Member of the Arkansas Senate from the 15th district
- In office January 8, 1883 – January 10, 1887
- Preceded by: C. H. Carlton
- Succeeded by: W. H. Logan

Personal details
- Born: February 10, 1850 Germany
- Died: July 4, 1938 (aged 88) Desha County, Arkansas
- Resting place: Holly Grove Cemetery
- Occupation: Lawyer, businessman, politician

= Henry Thane =

American politician (1850–1938)

Christian Heinrich "Henry" Thane (February 10, 1850 – July 4, 1938) was a wealthy businessman and bank owner in Arkansas. His Craftsman-style home, Thane House, was designed by Little Rock architect Charles L. Thompson. It is listed on the National Register of Historic Places. He was a Republican.
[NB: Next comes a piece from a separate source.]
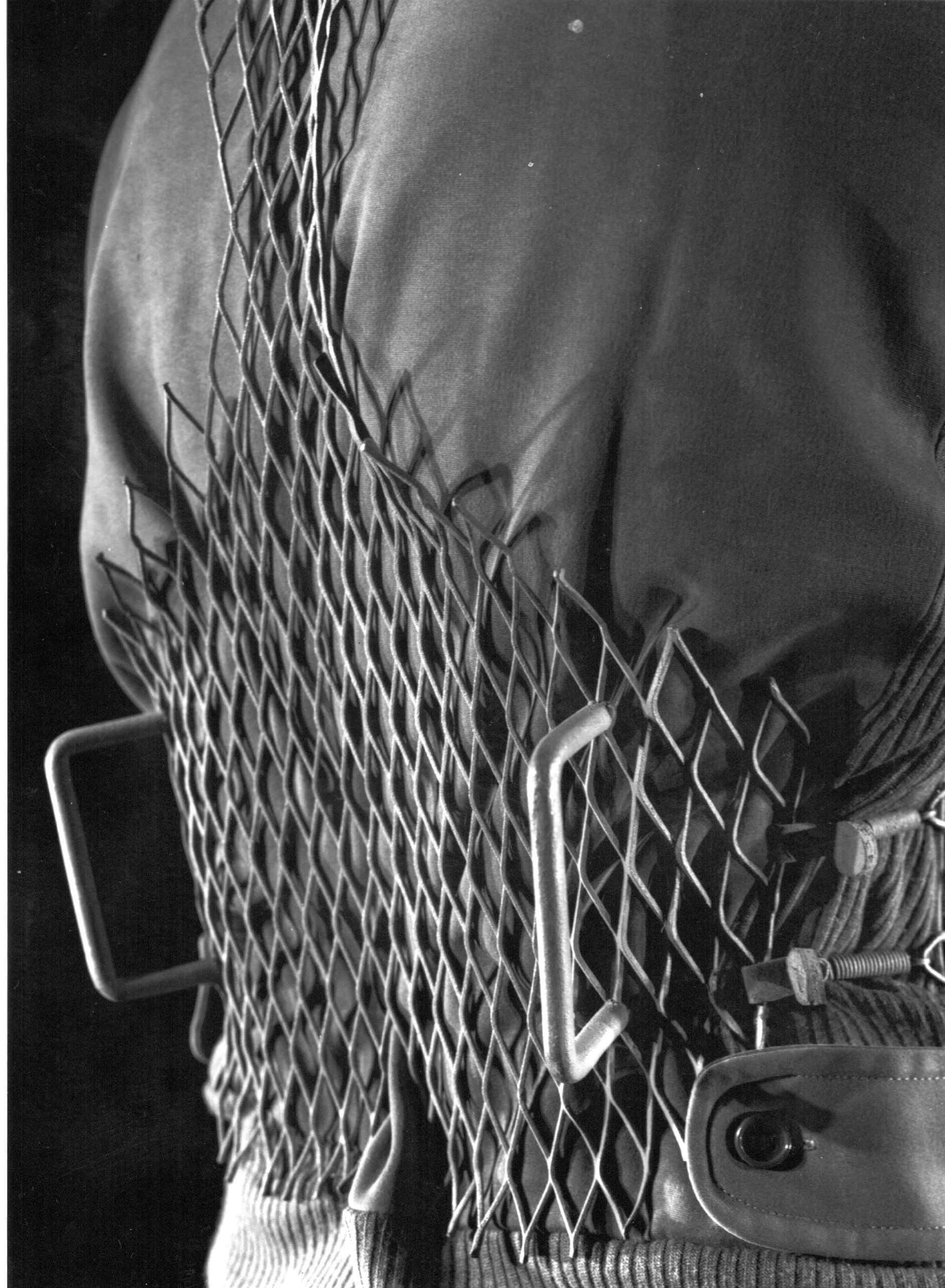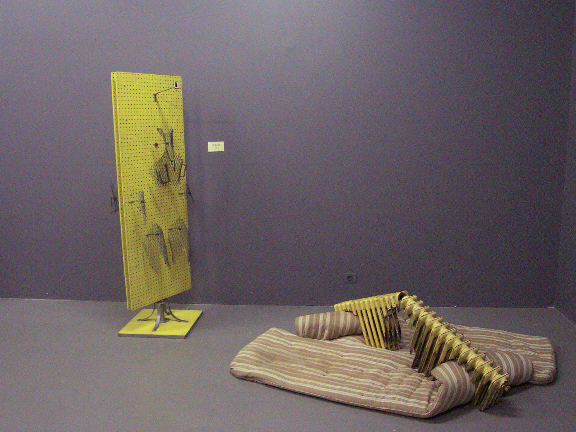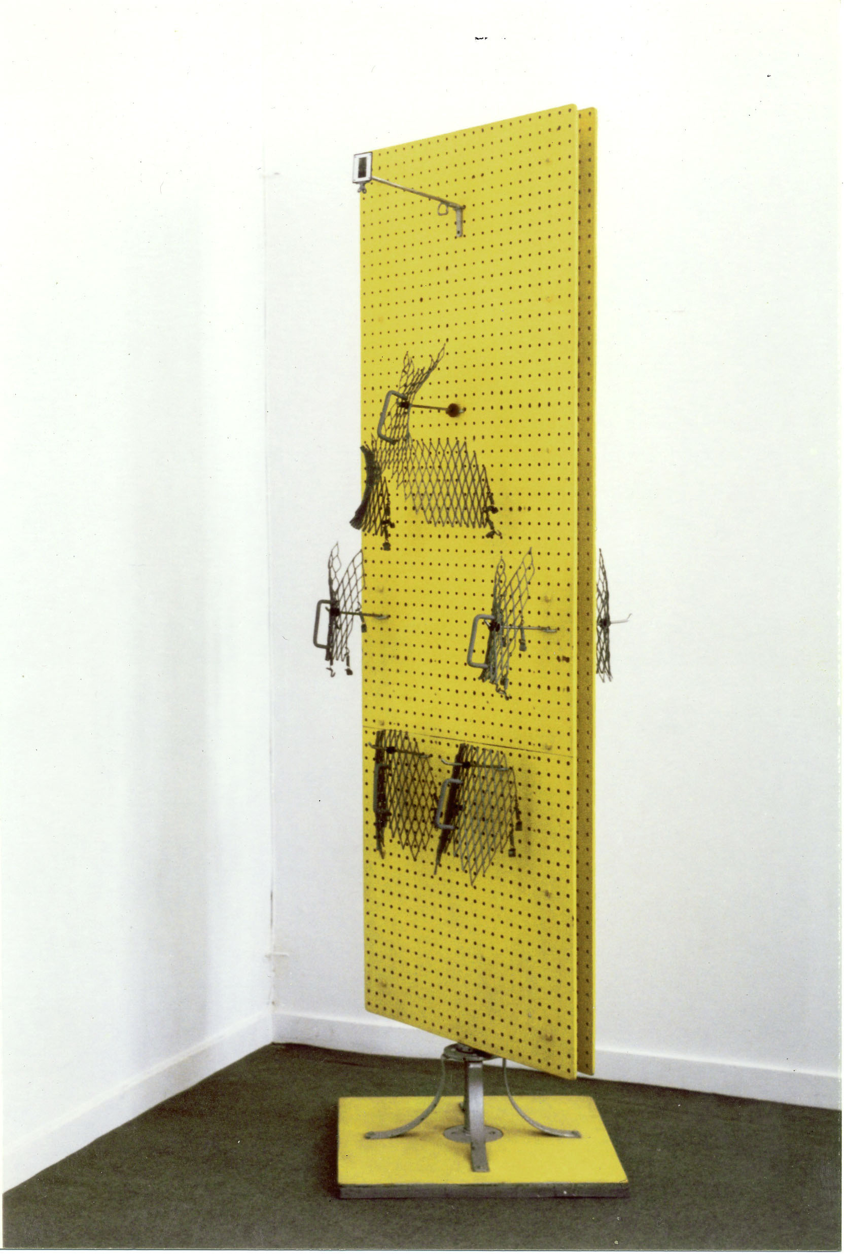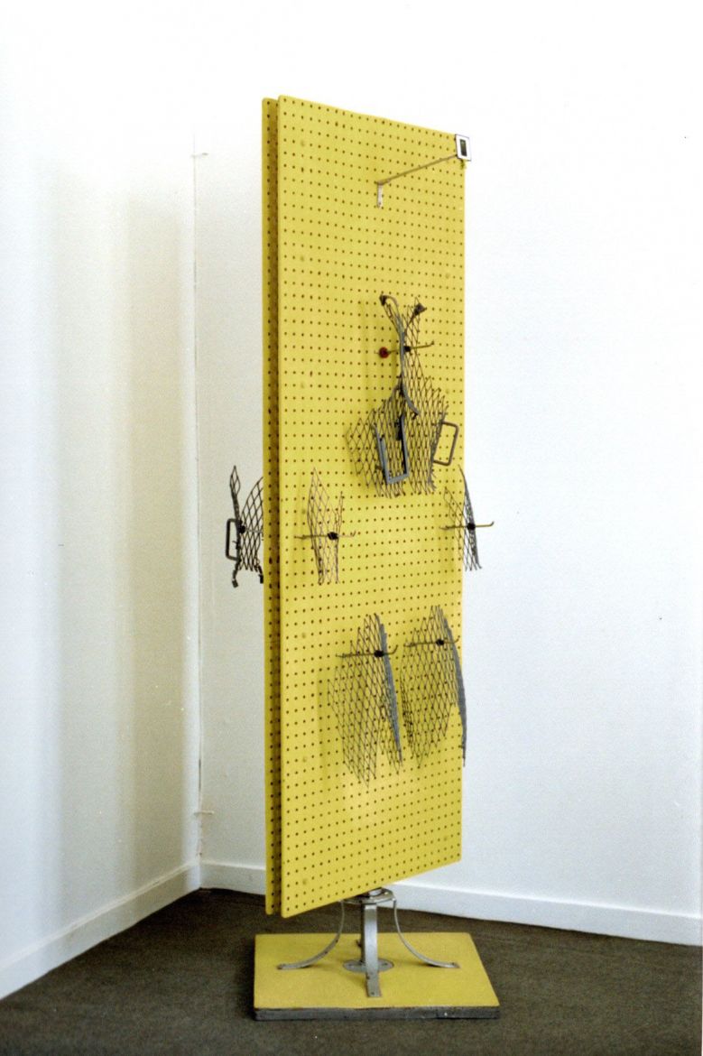 métal déployé, carte d’identité (82), ressorts, sangles coton présentoir en acier et isorel perforé (97)

Thane was born in Germany and raised in Metropolis, Illinois. An important figure in the development of Arkansas City, he held various political offices, including mayor. He worked as a lawyer for the Little Rock, Pine Bluff & New Orleans Railroad, owned a lumber mill, and a bank.

Thane was elected to the Arkansas Senate and served representing the 15th District (Desha and Chicot counties) in the 24th Arkansas General Assembly and the 25th Arkansas General Assembly.

Thame's photograph is included in a composite of 1885 Arkansas State Senate members.